We maintain near-perfect reviews and pride ourselves on a track record of doing things the right way. Our clients appreciate the peace of mind that comes from working with experienced professionals who handle the process personally, from the first draft to the moment your funds are split.

For more insights into what can go wrong, read Common QDRO Mistakes or check out our post on How Long It Takes to Get a QDRO Done.

Plan Administrator Coordination

Because this plan’s sponsor is listed as “Unknown sponsor” and vital information such as EIN and plan number are absent, your attorney will need to actively coordinate with the plan administrator to obtain the SPD (Summary Plan Description) and QDRO procedures. At PeacockQDROs, we take care of those communications for you.

A properly submitted QDRO requires accurate plan information, including the plan sponsor name, address, EIN, and plan number. Without these details, administrators will likely reject the order. We make sure all of that is handled upfront.

Tips for a Smooth QDRO Process

  • Be specific in your marital settlement agreement—vague language complicates QDRO drafting.
  • Ask your divorce attorney to include language about whether to divide by dollar amount or percentage, on what date, and whether gains/losses should be included.
  • Set expectations on how loans, vesting, and Roth balances will be treated.
  • Start the QDRO process early to avoid post-divorce delays.

How We Help

If you’re dealing with the Highgate Medical Group, P.c. Profit Sharing and 401(k) Plan in your divorce, we can help you every step of the way. Our services include:

  • Reviewing your divorce judgment for QDRO suitability
  • Contacting the plan for QDRO approval guidelines
  • Drafting and revising your QDRO for compliance
  • Submitting the QDRO to court and the plan administrator
  • Follow-up to ensure account division is completed

We offer flat-rate pricing and transparent communication. Learn more here: QDRO Services at PeacockQDROs.

Final Thoughts

The Highgate Medical Group, P.c. Profit Sharing and 401(k) Plan could represent a significant marital asset. Don’t leave money on the table by mishandling the QDRO. Whether you’re the participant or alternate payee, make sure you get it done right—both legally and financially.

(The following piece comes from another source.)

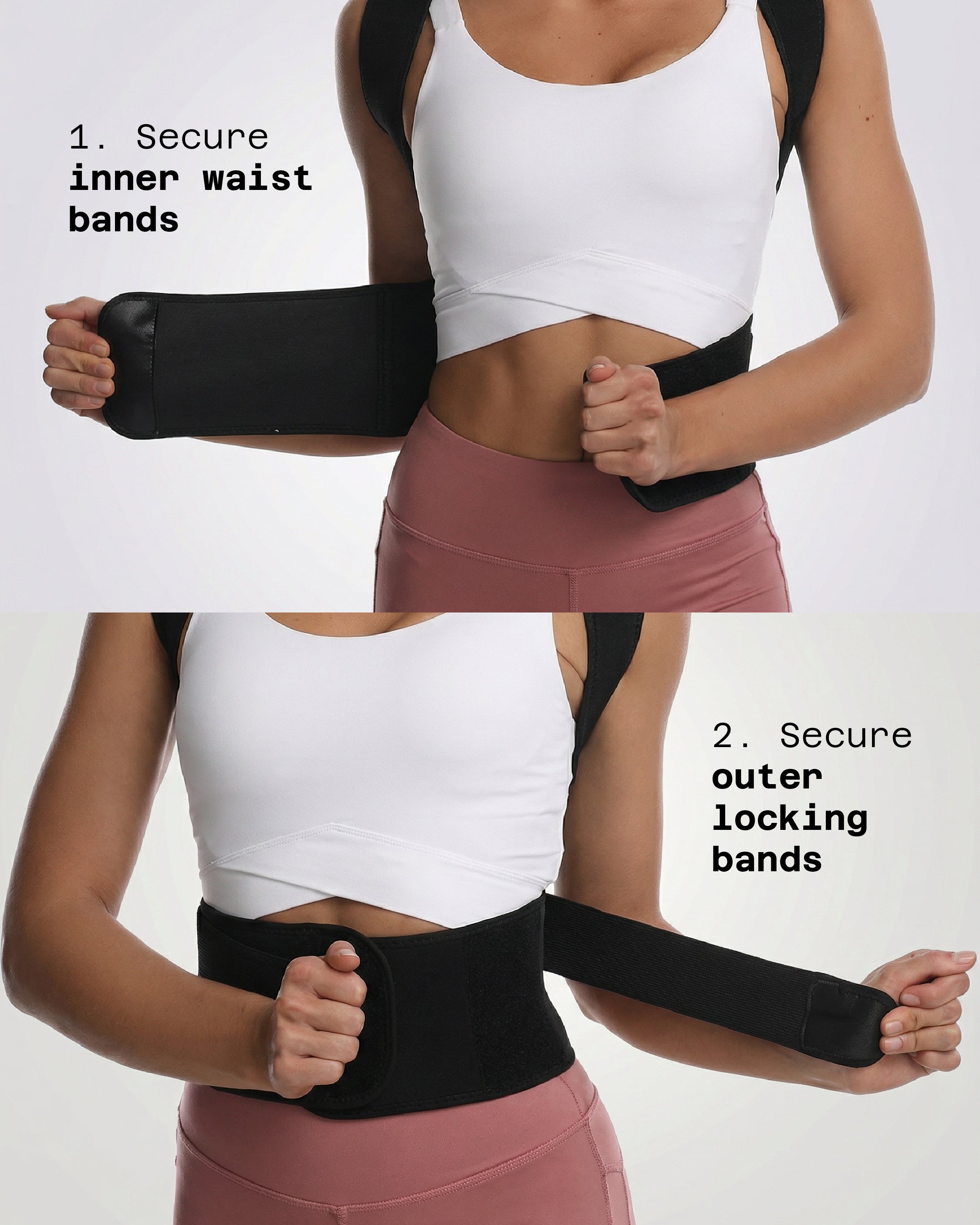 Put Posture Corrector on like a backpack and position the back plate flat.
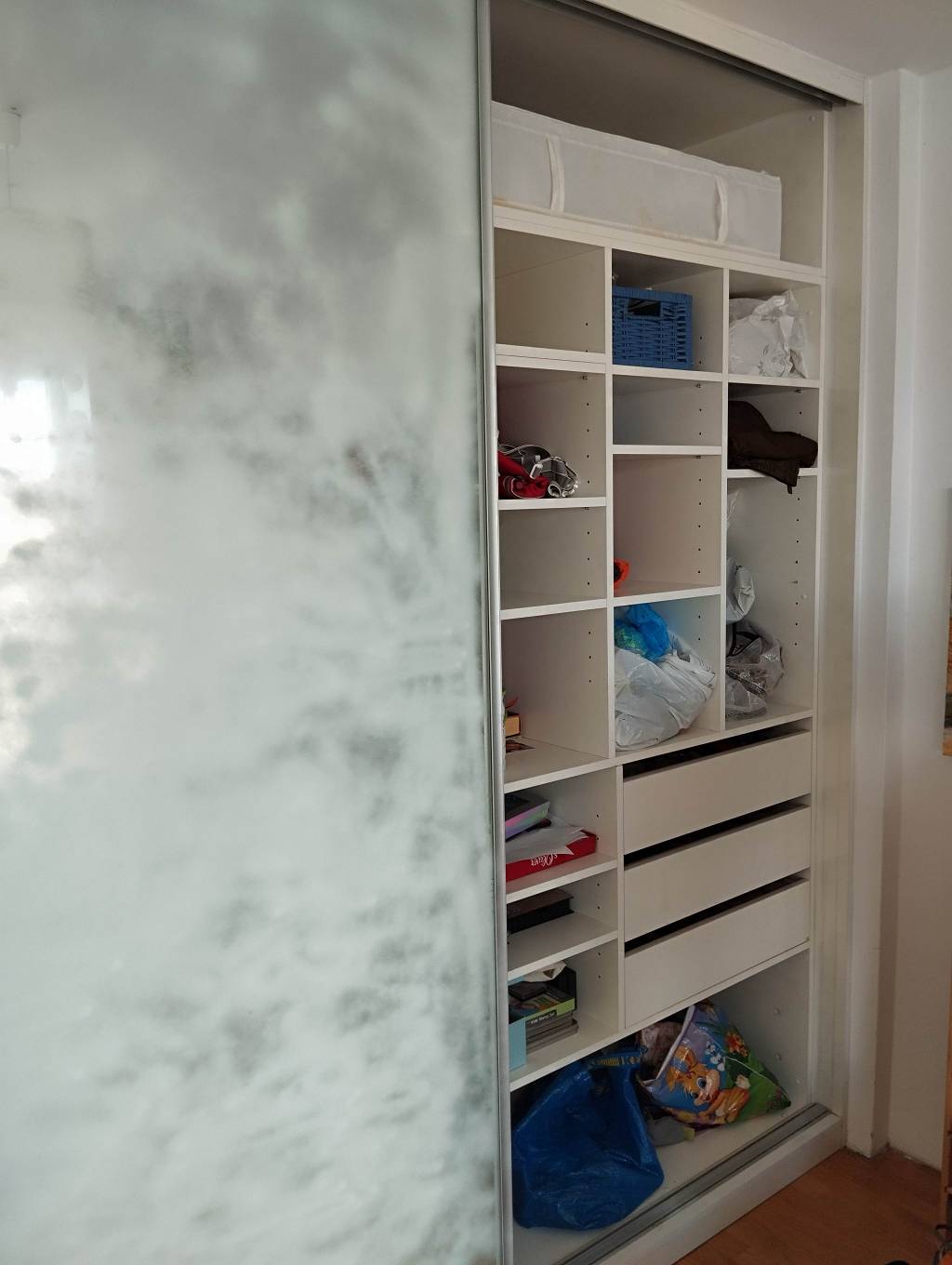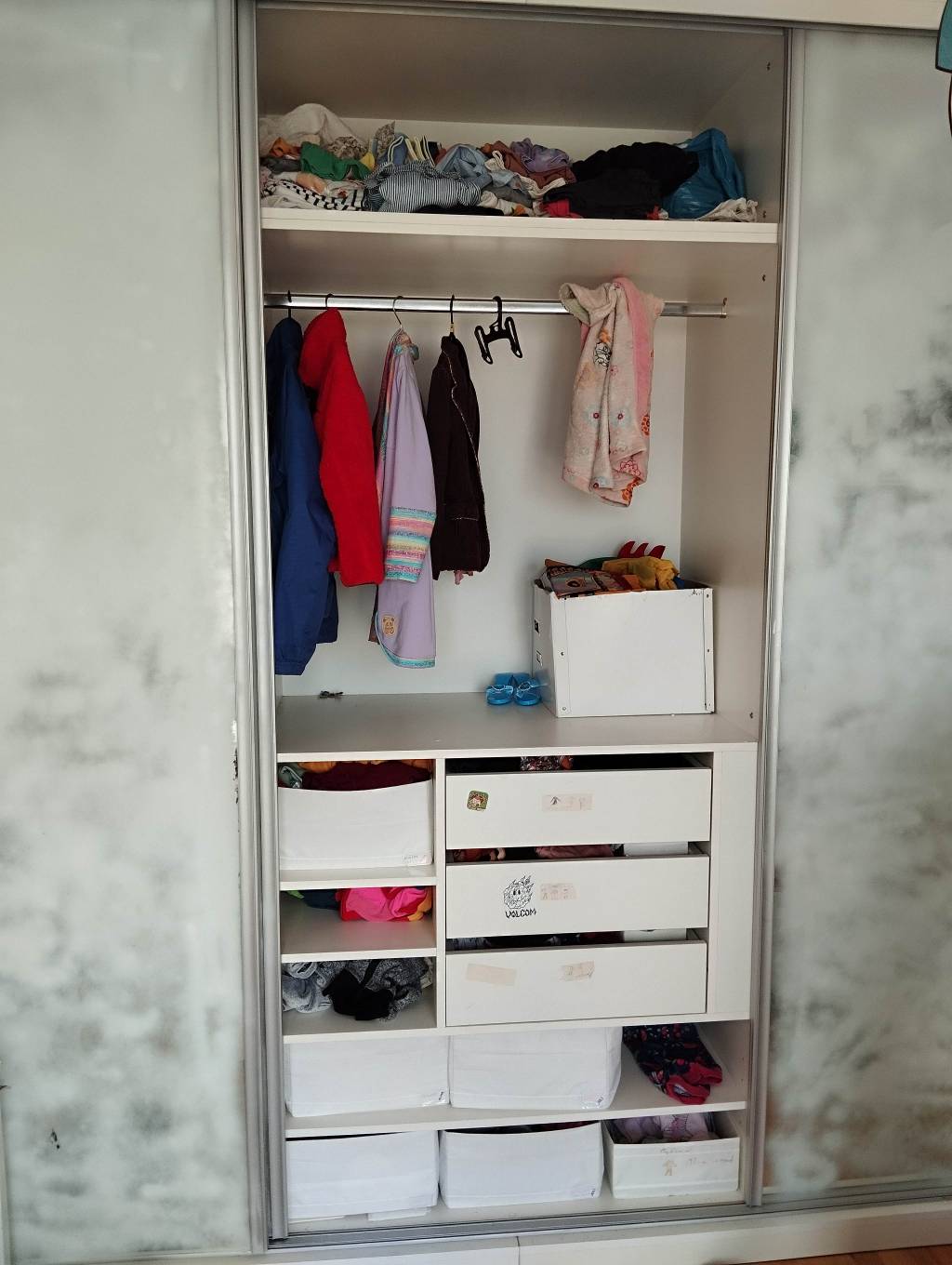 Daruji za odvoz bytelnou, prostornou vestavnou skříň. Rozměry šířka 322 cm, výška 250 cm, hloubka 60 cm + pojezd dveří 9 cm. Skříň má boky i záda a může stát i samostatně. Devře posuvné, zrcadlové, s bílým dekoračním nástřikem, který jde případně odstranit. Nabízím včetně veškerého vnitřního vybavení (police , šuplíky, šatní tyče).

If your divorce was in California, New York, New Jersey, Connecticut, Kansas, Missouri, Iowa, or North Dakota, and you have questions about qualified domestic relations orders or dividing retirement assets like the Highgate Medical Group, P.c. Profit Sharing and 401(k) Plan, contact PeacockQDROs. We specialize in QDROs and have successfully processed thousands of orders from start to finish.

Get the answers you need—explore our QDRO resources or reach out for personalized help if you’re in one of our service states.